Afortunadamente, eventos como Chicxulub son extremadamente poco comunes, tal vez este fue el mayor impacto de un bólido que la vida multicelular macroscópica haya experimentado. Sin embargo, existe un continuo de tamaños de bólidos que podrían chocar con la tierra: mientras más pequeños, más frecuentes. Desde aquellos con diámetros de 10 km, como el que formó el cráter de Chicxulub, cada 250-500 millones de años; de 5 km, cada 30-60 millones de años; de 1 km, cada 0.1-1 millones de años; hasta bólidos de 50-60 m, cada 100-1000 años, como el que se observó en la región de Tunguska en Siberia en 1908, y que aplastó los árboles de un bosque en un radio de 30-40 km.
El primer experimento diseñado para intencionalmente desviar un asteroide acaba de ocurrir la semana pasada, el Double Asteroid Redirection Test o DART (ver columna de Gaspar Galaz). En este experimento, un proyectil fue lanzado a gran velocidad sobre Dimorphos, un asteroide de 160 m de diámetro que orbita cada 11.9 horas y a una distancia de aproximadamente un kilómetro alrededor del asteroide Dydimos, de 780 m de diámetro.
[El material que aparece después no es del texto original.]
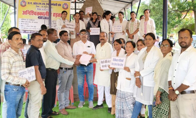 मनेन्द्रगढ़ में छत्तीसगढ़ प्रदेश एनएचएम कर्मचारी संघ का धरना प्रदर्शन चौथे दिन भी जारी है। भरतपुर-सोनहत विधानसभा के पूर्व विधायक गुलाब कमरो ने गुरुवार को धरनास्थल पर पहुंचकर कर्मचारियों को समर्थन दिया।
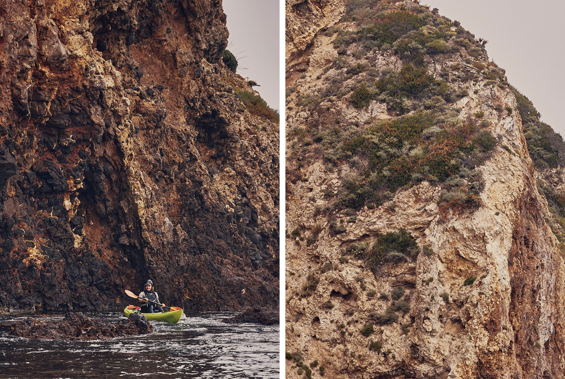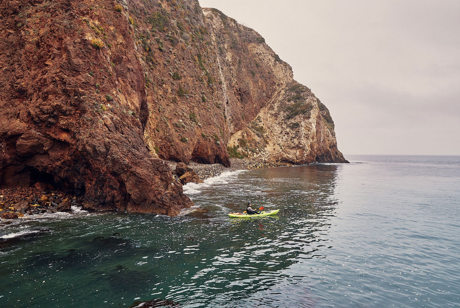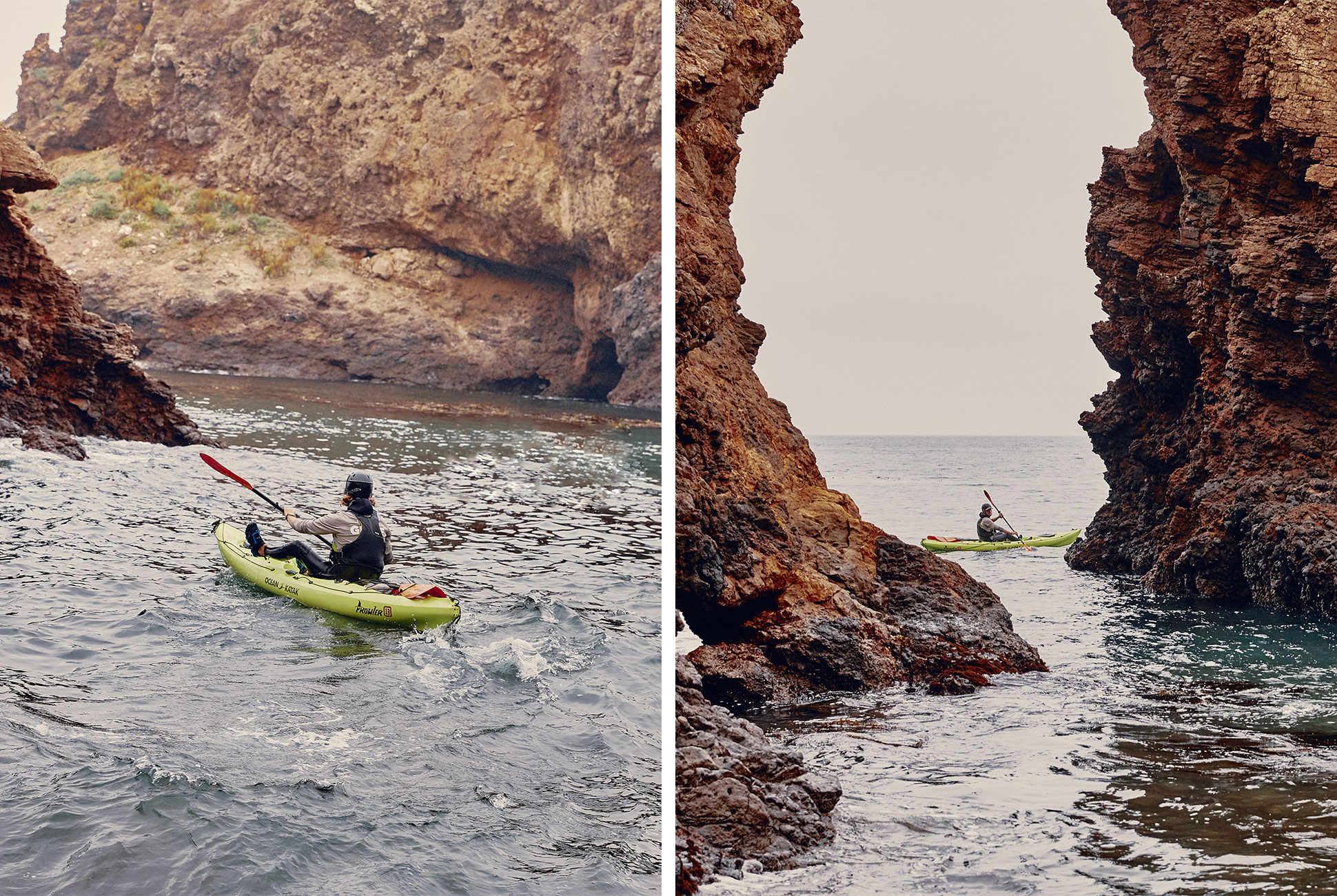 On tap for an off-duty afternoon: a big bite of that grandiose adventure. Phillips suits up in his Xcel Drylock wetsuit, NRS Ion personal flotation device, and Adidas Terrex Voyagers and is pushing his kayak off into Scorpion Bay ten minutes later. As he paddles past the breakers and through the canopy of a massive kelp forest, perched in one of SBAC’s Ocean Kayaks, he points out the gnarliest of the island’s 250 sea caves. “When I’m guiding clients, I spend all my time making sure everything goes smoothly,” he says. “When I’m out here on my own, the fun is getting yourself into the bad spots, and then getting yourself out.”
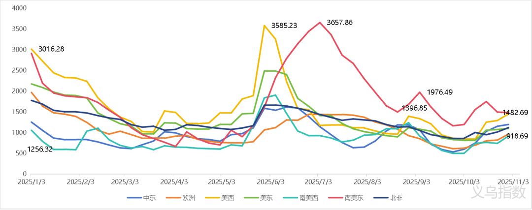 2025年10月下旬,宁波-欧洲航线当月调整至2284美元/FEU,航线运价指数为965.62点,较上月上涨57.23%;宁波-美西航线运价指数为1452.82点,较上月增长67.33%;宁波-美东航线价格为3628美元/FEU,运价指数为1102.42点,较上月上涨32.18%;宁波-中东航线运价指数为1198.68点,较上月上涨123.46%。
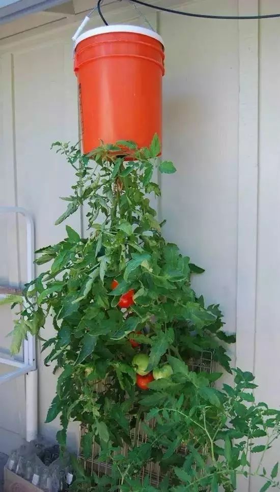 除了傳統(tǒng)的竹子綁枝扶植法,還可以用鐵絲做一個這樣的圓網(wǎng)讓番茄攀枝。
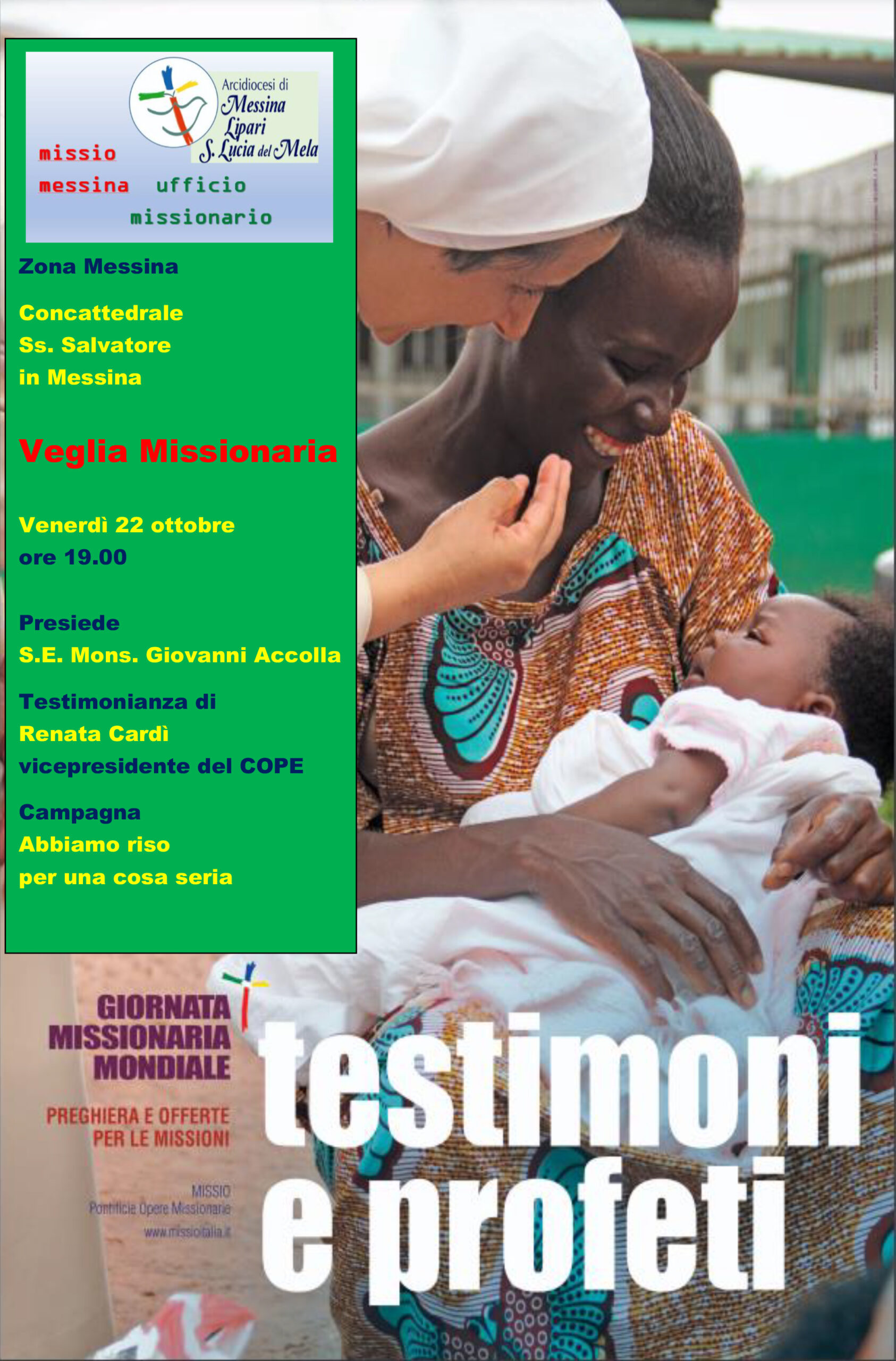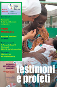 Il mese di ottobre, nella Chiesa italiana, è particolarmente dedicato alla preparazione e alla celebrazione della Giornata Missionaria Mondiale che ricorre sempre nella penultima domenica del mese. Ogni anno questo appuntamento vuole alimentare la fraternità universale della Chiesa, ossia la comunione con tutte le Comunità Cristiane sparse nel mondo, oltre all’impegno di solidarietà con le Chiese di più recente formazione, con quelle che vivono nei paesi più poveri e con quelle che soffrono persecuzione.

En las próximas semanas tendremos las primeras mediciones del nuevo período de rotación de Dimorphos alrededor de Dydimos, que se espera se haya reducido unos 7 min, pero que en realidad depende de cuánto material haya sido eyectado durante el impacto y de la estructura interna de Dimorphos. Los datos que se han recolectado desde LICIACube, un satélite que acompañó a DART para fotografiar el evento desde unos 60 km de distancia, así como desde varios observatorios en la tierra y en el espacio, y sobre todo luego de la futura visita de la sonda europea Heras que se lanzará en 2024, nos permitirán caracterizar más precisamente las propiedades físicas del sistema post impacto y así entender mejor cómo desviar un asteroide de similares características en el futuro.
Varios observatorios ubicados en Chile juegan un rol clave en identificar la población de objetos que podrían impactar nuestro planeta. Los telescopios ATLAS, ubicados en Hawaii, Chile y Sudáfrica son la primera línea de defensa para alertar sobre objetos que podrían destruir una ciudad con unos días de anticipación. El observatorio Vera C. Rubin, con un espejo de 8 metros de diámetro y la mayor cámara digital de la próxima década, será más sensible y nos permitirá alertar acerca de la presencia de objetos peligrosos con mayor anticipación. El cráter de Chicxulub y el reciente experimento DART nos recuerdan acerca de la importancia de estos observatorios y sobre lo frágil que es la vida en nuestro planeta.